Andrew McCallum UMass logo


SRAA: Simulated/Real/Aviation/Auto UseNet data [document classification]
73,218 UseNet articles from four discussion groups, for simulated auto racing, simulated aviation, real autos, real aviation. I have often used this data for binary classification---separating real from simulated, and auto from aviation---making the point that the same data can be classified different ways depending on the user's needs. This is especially interesting for semi-supervised learning. This data was gathered by Andrew McCallum while at Just Research.

Cora Citation Matching [reference matching, object correspondence]
Text of citations hand-clustered into groups referring to the same paper.

Cora Research Paper Classification [relational document classification]
Research papers classified into a topic hierarchy with 73 leaves. We call this a relational data set, because the citations provide relations among papers.

Cora Information Extraction [information extraction]
Research paper headers and citations, with labeled segments for authors, title, institutions, venue, date, page numbers and several other fields.

Frequently Asked Questions [information extraction]
Several UseNet FAQ's segmented into questions and answers.
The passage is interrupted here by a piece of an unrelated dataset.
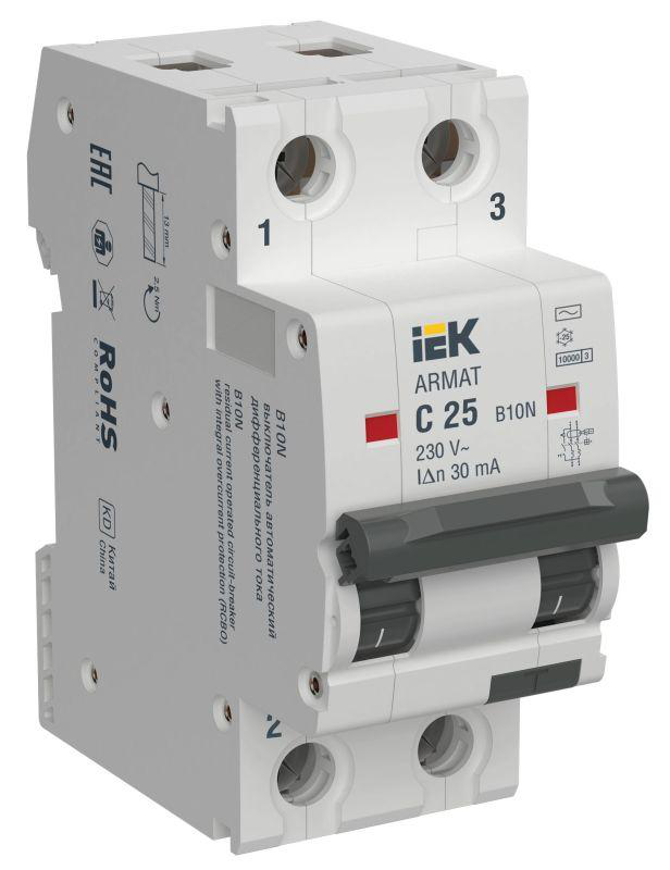 В нашем магазине «Главэлектрика» в Набережных Челнах, вы можете приобрести товар: «ARMAT Автоматический выключатель дифференциального тока B10N 2P C25 30мА тип AC IEK» с доставкой по г. Набережные Челны.
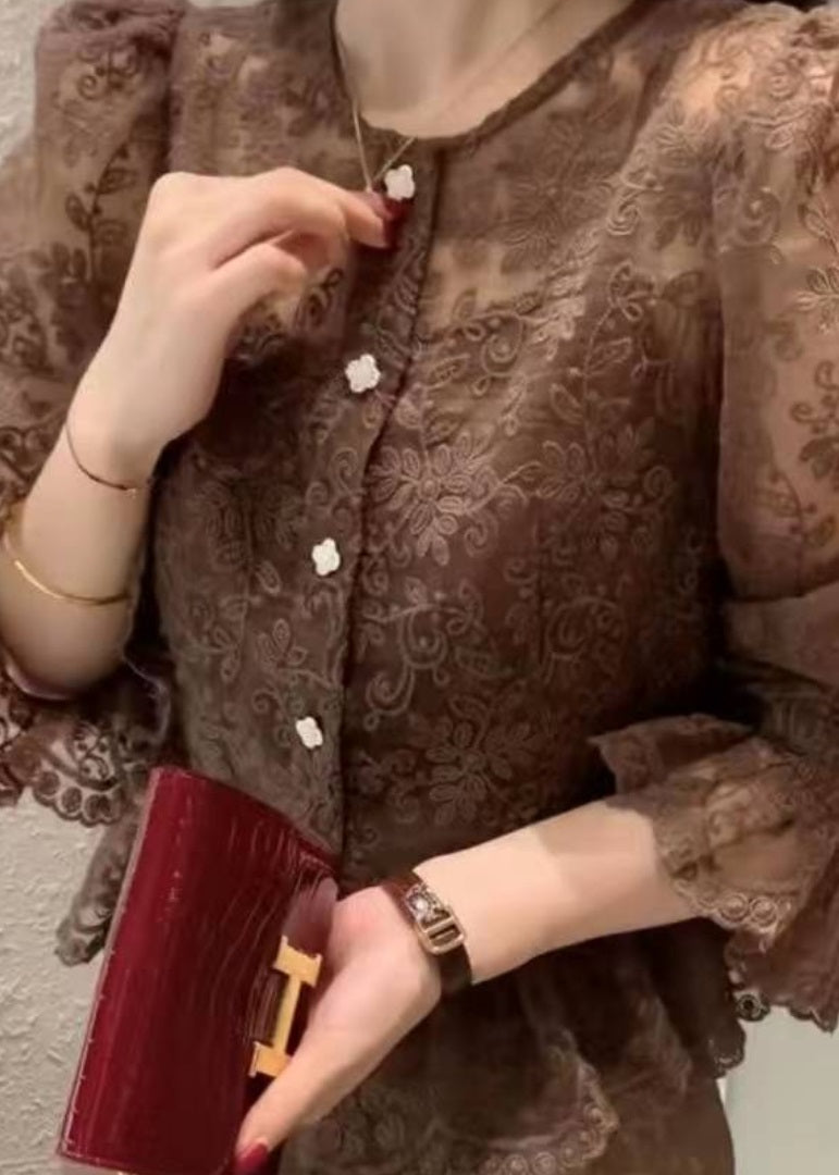 Coffee Women Lace coat Spaghetti Strap top Sets two Pieces Ruffled flare sleeve

Data gathered and labeled by Dayne Freitag and Andrew McCallum.

CMU Seminar Announcements [information extraction]
48 emailed seminar announcements, with labeled segments for speaker, title, start-time, end-time. Labeled by Dayne Freitag.

Industry Sector [document classification]
Corporate web pages classified into a topic hierarchy with about 70 leaves.

20 Newsgroups [document classification]
About 20,000 UseNet postings from 20 newsgroups. Gathered by Ken Lang at CMU in the mid-90's. This is the original set, without various editing done by Jason Rennie and others.